AS a sidebar… Over the years various lists have circulated comparing Abraham Lincoln and John F. Kennedy. The response to the uncanny similarities provided by Snopes is worth reading: Snopes on Lincoln/Kennedy Comparison
Fifty years ago this week my older sister and I came in from carving Matchbox-car-sized roads through the previously well-manicured turf of our backyard to find our mother staring at the semi-snowy, partially visible screen of our black and white television with tears streaming down her face. Not being prone to such outward displays of emotion, her anguish screamed to us that something tragic had happened. This moment was emblazoned in our minds for life… and was reinforced days later when she took us by the hand to lead us on the long trek to the railroad overpass a few miles from our home to peer over the edge to watch a train draped with a flag pass under our feet. President John F. Kennedy was dead! While at the time my sister and I had no idea whether or not he was a good president (for to a child, all presidents are good), one thing we knew for sure, something vanished from people’s eyes which has yet to return – American innocence.
As we reflect on this snap-shot of innocence lost, we wonder where it all began – that is, the overwhelming common-man devotion which inspired many to “Ask not what your country can do for you…”. When did the admiration of the crowd begin? Was it when he was proclaimed a WWII hero as the Captain of PT-109, or did it spring-forth from his impact as a Massachusetts Representative with his first political election victory? While it may be hard to sort out how he had become so beloved, one thing is certain: a split-second in time along a Dallas street changed everything.
Feel free to share your “memory” of November 22, 1963.
To commemorate this historic moment (November 22, 1963), we’ve assembled a host of “assassination-report” newspapers from all over the country. They are viewable at: JFK Assassination.

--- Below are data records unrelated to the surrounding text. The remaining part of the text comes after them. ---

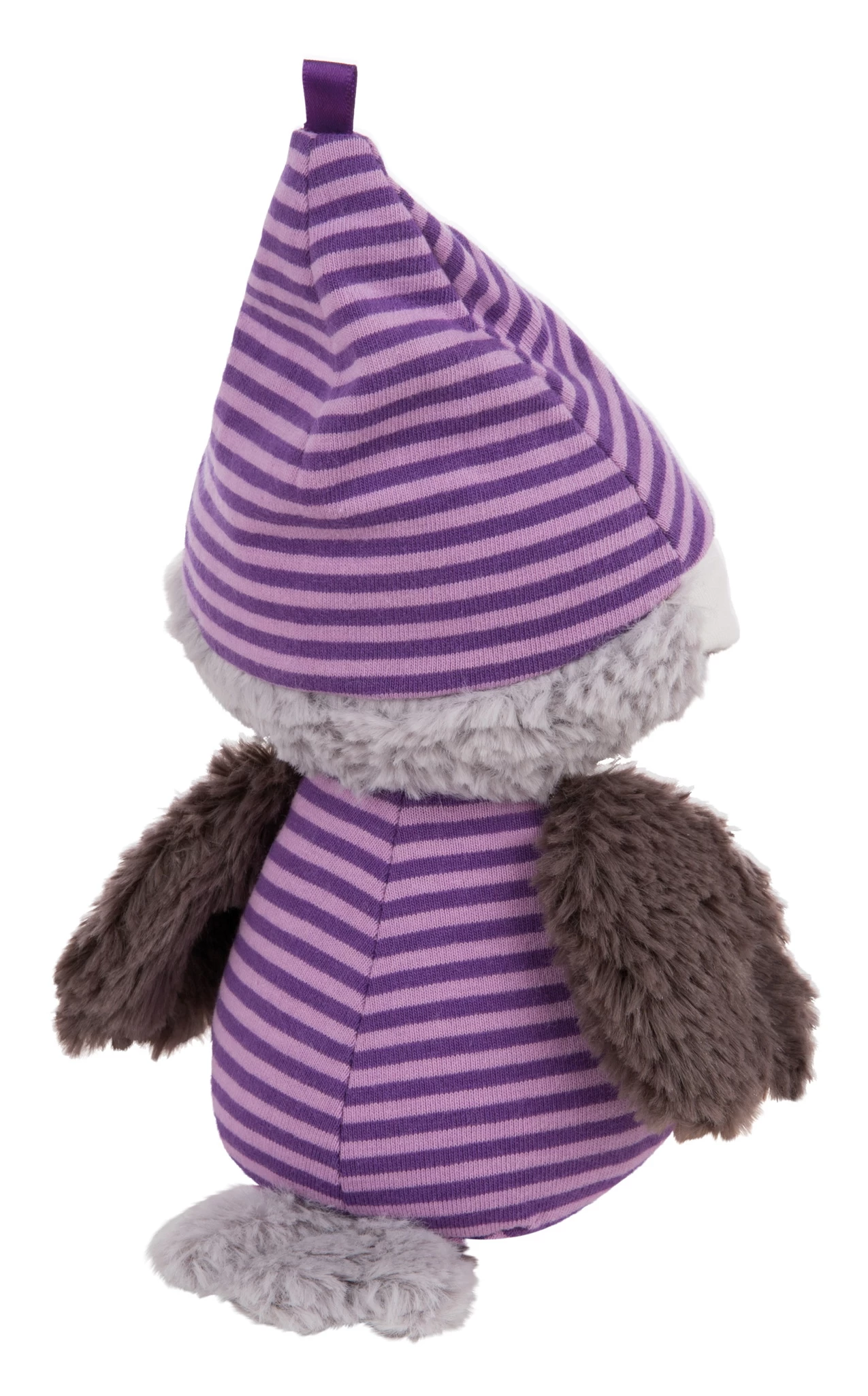 Damit die Schlafmütze selbst auch schlafen kann, zieht man ganz einfach die Mütze des Kuscheltieres über das Gesicht. Dort sind geschlossene Augenlider aufgenäht.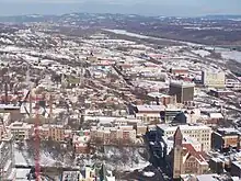 In 2005, a completely renovated Public School No. 20 on North Pearl Street was renamed North Albany Academy.[47] Begun in 2004 and completed in 2005 a YMCA (Y) was built attached to the school, with the students using the gym and pool during the day. The Y includes a branch of the Albany Public Library and a day care for pre-school children. The Y was the first in the Capital District to involve the organization partnering with a local government, among other sources funding came from the Albany Housing Authority, Citizens Bank, the state Dormitory Authority and the state Office of Children and Family Services.[48] The Y was the first in the United States built using tax breaks from the New Market Tax Credit and was the first built in Albany since the 1960s.[49]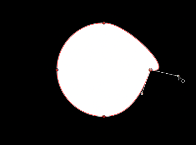 Important : si le bouton Enregistrer (dans la barre d’outils de synchronisation) est activé, les ajustements de courbe sont animés avec des images clés, créant ainsi des modifications de forme animées. De plus, si une image clé est ajoutée au paramètre Points de contrôle dans la fenêtre Géométrie de l’inspecteur de forme, les modifications de courbe sont animées par images clés, que la fonctionnalité d’enregistrement soit activée ou non.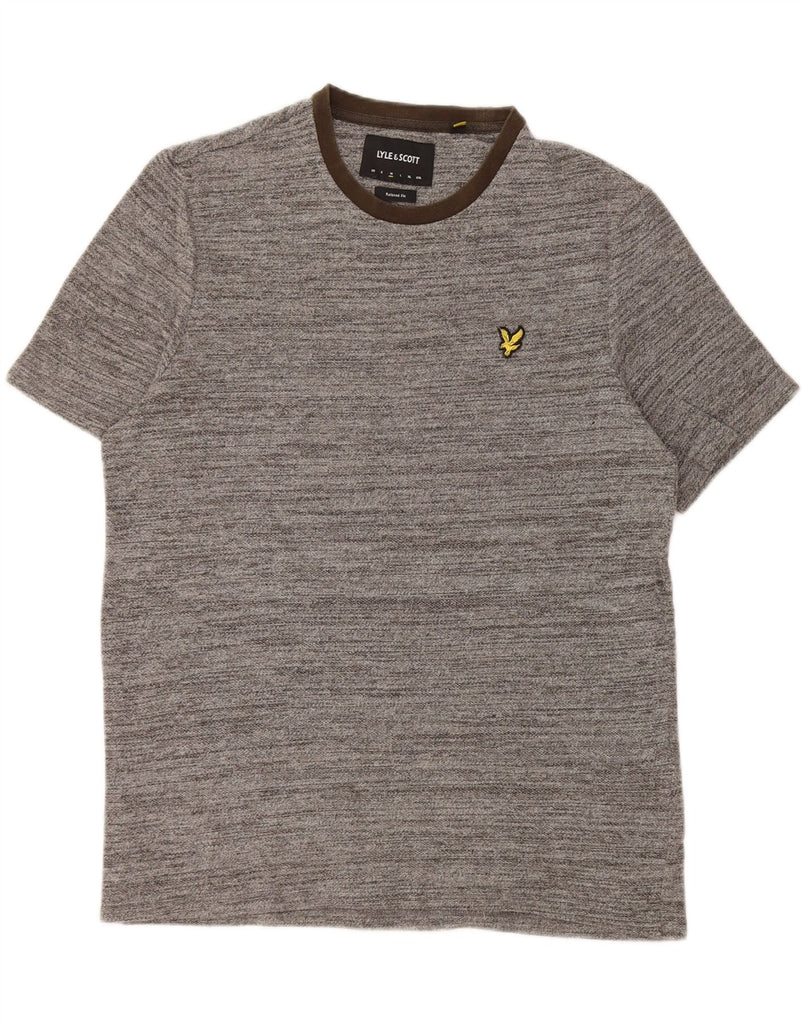 LYLE & SCOTT Mens Relaxed Fit T-Shirt Top Medium Grey Pinstripe Cotton

The “New York Journal American” newspaper of Nov. 22, 1963 did this “Extra” edition reporting Kennedy’s assassination. Making this issue a bit of a curiosity is the photo which accompanies the headline, as it shows a smiling Lyndon B. Johnson, a laughing Mrs. Johnson, and a smiling Jackie Kennedy. The photo was almost assuredly planned to accompany another story about their visit to Dallas but that edition was interrupted to quickly produce this “Extra” with the breaking news of the assassination. The photo was not replaced in the haste of getting the edition on the streets, producing this rather bizarre photo/headline combination which gives the appearance of a joyful reaction to the news that JFK had been assassinated.
One of the interesting opportunities newspapers present is the ability to read news with hindsight. The early edition of the “Dallas Times-Herald” newspaper of Nov. 22, 1963 (see below), the edition prior to the later edition reporting the assassination, has much coverage of JFK’s visit to Texas and the excitement around his planned visit to Dallas later that day. One ironic headline on the front page reads: “Secret Service Sure All Secure” with the article providing much detail on the security efforts to make for a safe visit to Dallas.